Illiquid projects, a slump in the real estate market and poor due-diligence have all contributed to the poor returns of these funds
The brochures are designed to make you reach for the cheque-book. Glossy images of high-rises, super-luxury properties that rise like a phoenix from the ashes; they could be all yours if you bought that one instrument. Real-estate has always been a preferred investment avenue for most Indians. And buying an independent house sounds that much more wonderful. Buying several of them, of course, through an instrument called a real estate fund was a supposedly great decision. The upside? A 15-20 per cent return over three to five years. Real estate funds have long held a fancy for many high-networth individuals (HNIs), especially after property prices soared between 2003 and 2009. They were adequately ring-fenced too. In other words, the underlying securities that most of these funds intended to invest in, were secured. More of that later. In the meanwhile, things have gone horribly wrong in the real-estate segment over the past several years. Forget returns, investors in many real estate funds in India have struggled to get back even their principal amount. This is the sad reality of real estate funds in India.
A real estate fund collects money from several investors and invests in real estate projects. The investments are made either as equity or debt instruments. Most of these investments are aimed at generating a return (internal rate of return; since money is given – and projects are exited – over a period of time) of 15-25 per cent. In reality though, most of these investments turned sour for a variety of reasons over the past few years because several real estate projects across the country could not be completed on time.
The story so far
Launched in August 2010, Aditya Birla Real Estate Fund (ABREF), a six-year closed-end fund was due to mature in August 2016. It finally wound up last month, after extending its tenure by three years. In a communication to investors on August 31, 2019, the fund house stated that one of its shareholders (we presume that it’s Sun Life Financial Inc. of Canada) bought its troubled assets that the scheme wasn’t able to sell towards the end of its tenure. Of Rs 1,057 crore that the fund had collected at its launch, it returned only Rs 969 crore to investors. But as the scheme collected funds over five instalments and had been returning money over the years—as and when it managed to sell much of its real estate assets—its return was -2.66 per cent, over nearly nine years.
Things aren’t much better with many of the other funds in the category either. Three of the five real estate funds launched by Piramal Fund Management appear to be in a mess. Indiareit Scheme-IV has already extended its tenure by two years after its original closing date of June 1, 2017. Two of its investments (35 per cent of its overall initial investment) are stuck, it said in a communication sent to investors in May 2019.
Another of Piramal’s scheme, Indiareit V, which was launched in 2013, was to be redeemed on July 31, 2019. The fund has now sought the first of its two extensions, as per a communication it sent to its investors in July 2019. The scheme will now aim to close on July 31, 2020, although it is allowed to get extend the period by yet another year, according to the fund’s features.
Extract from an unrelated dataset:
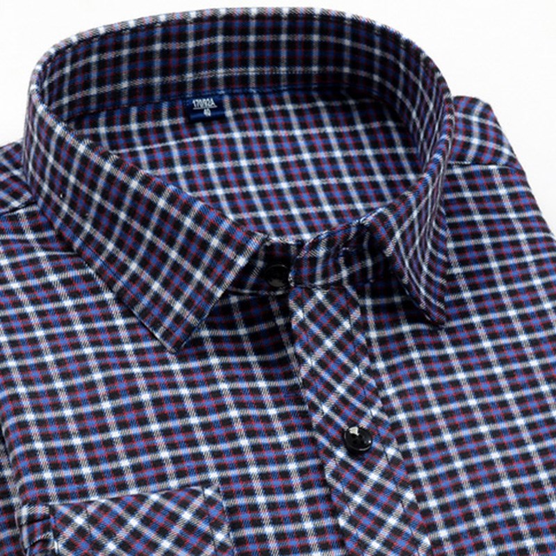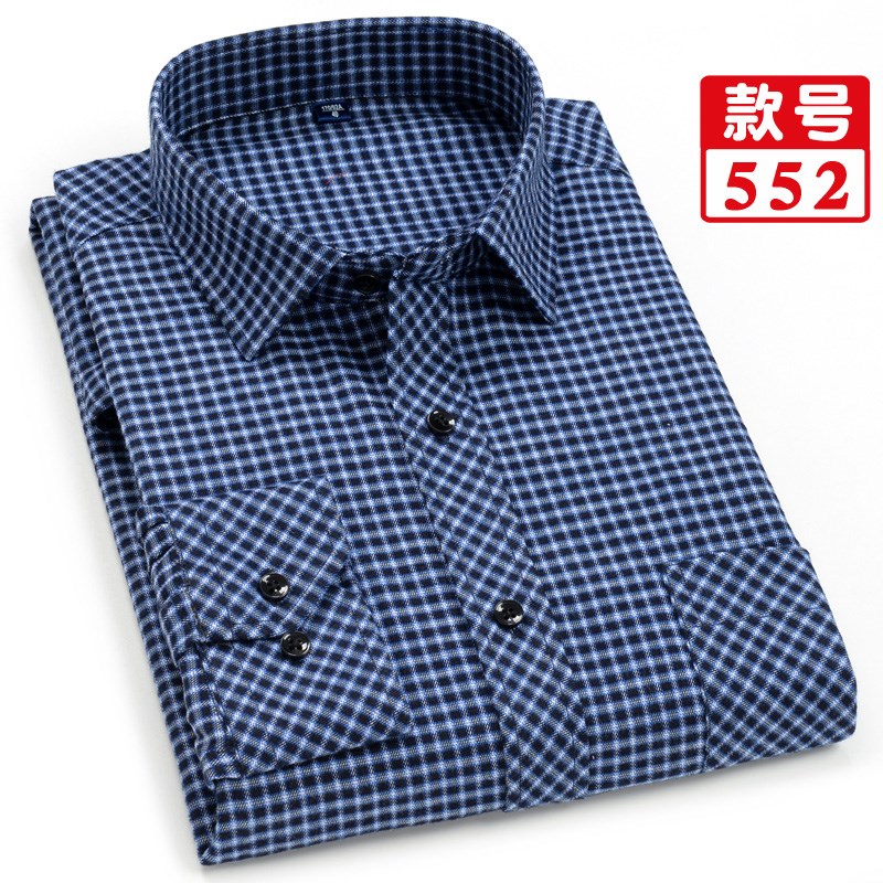 秋季纯棉小格子衬衫男长袖中老年爸爸款休闲免烫宽松衬衣全棉上衣

Of the 10 investments it had made, it has been able to fully exit four and partially get out of one. Its funds are stuck in the remaining five investments, including in the project of a Pune-based real estate developer, Darode Jog Developers, against which Piramal had initiated bankruptcy proceedings earlier, but is now looking for an out-of-court settlement.
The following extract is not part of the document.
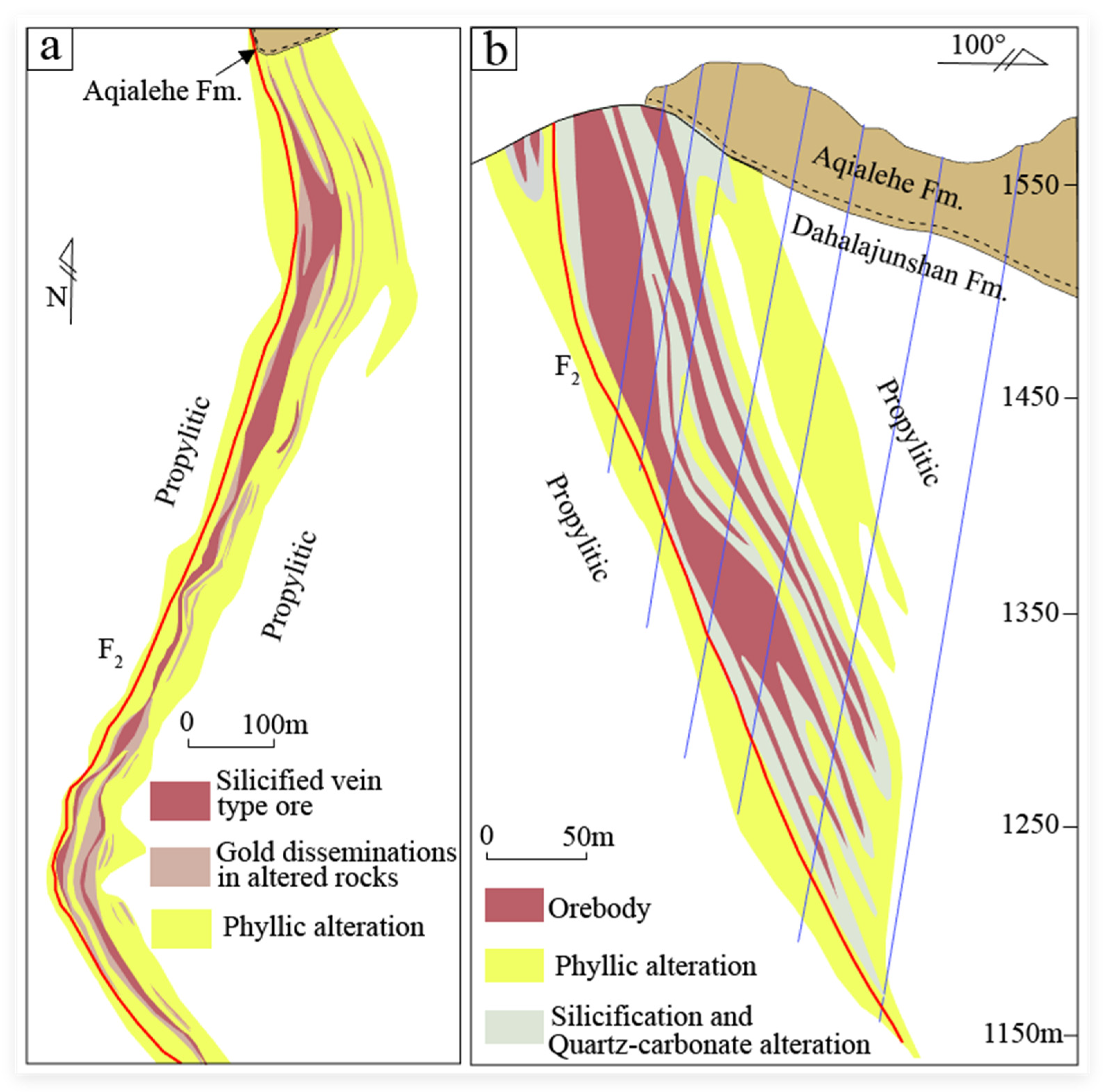 - Wei, J.L. Study of Orebody Space Location Regularity and Prospecting Direction of Axi Gold Deposit in Xinjiang Province. Ph.D. Thesis, China University of Geosciences, Beijing, China, 2013. [Google Scholar]

The worst of the lot appears to be Piramal Fund Management’s other scheme called Indiareit Mumbai Redevelopment Fund (IMRF). Launched in April 2012, the fund aimed to capitalise on projects that were into slum rehabilitation in Mumbai. The fund’s original tenure was to have come to an end on April 2, 2019, but it sought its first of the two allowable extensions in a communication sent to investors on March 19, 2019.
That makes the fund house’s third scheme this year for which it sought an extension. IMRF had invested in just four projects, of which three are now stuck. Three of its four projects were executed by the same builder – Omkar Realty & Developers. One of these projects is at the National Company Law Tribunal battling insolvency proceedings (the same investment also figures in Indiareit – IV). In another one, Shapoorji Pallonji, a well-known Mumbai-based realty developer, quit the project mid-way on account of regulatory delays the project had suffered from.
Reliance Yield Maximiser AIF Scheme I, launched in September 2014 and due for maturity on March 8, 2019, has also witnessed its redemption date being extended by two years (most real estate funds typically get extended by a year in troubled times) and now aims to wind up in March 2021. Of the Rs 717.8 crore the fund had received from investors, it has so far managed to return just Rs 632 crore. Of the 17 investments, it has completely sold 12 and is in the process of exiting the remaining ones.
Reliance Yield Maximiser AIF Scheme II was launched in December 2015 and is due to close on September 30, 2020. Of the 17 investments it had made over time, it has managed to exit 10 investments.
Moneycontrol has a copy of the documents of the above funds. These give the details that we have shared with you in this story.
CIG Realty Fund, run by Unitech Advisors (India), was due to mature on September 28, 2019. After a number of extensions, it, too, sent a letter to its investors a few months back, giving them two options due to its inability to exit projects at a fair price. Investors either give the consent to the fund house to sell its investments at whatever price (even a loss) it could exit at or allow it for an in-specie distribution of assets. An in-specie distribution of assets means that the underlying assets of the fund would be passed on to investors proportionate to the money they had invested. In this case, the investors would then need to find buyers for those assets and recover their money.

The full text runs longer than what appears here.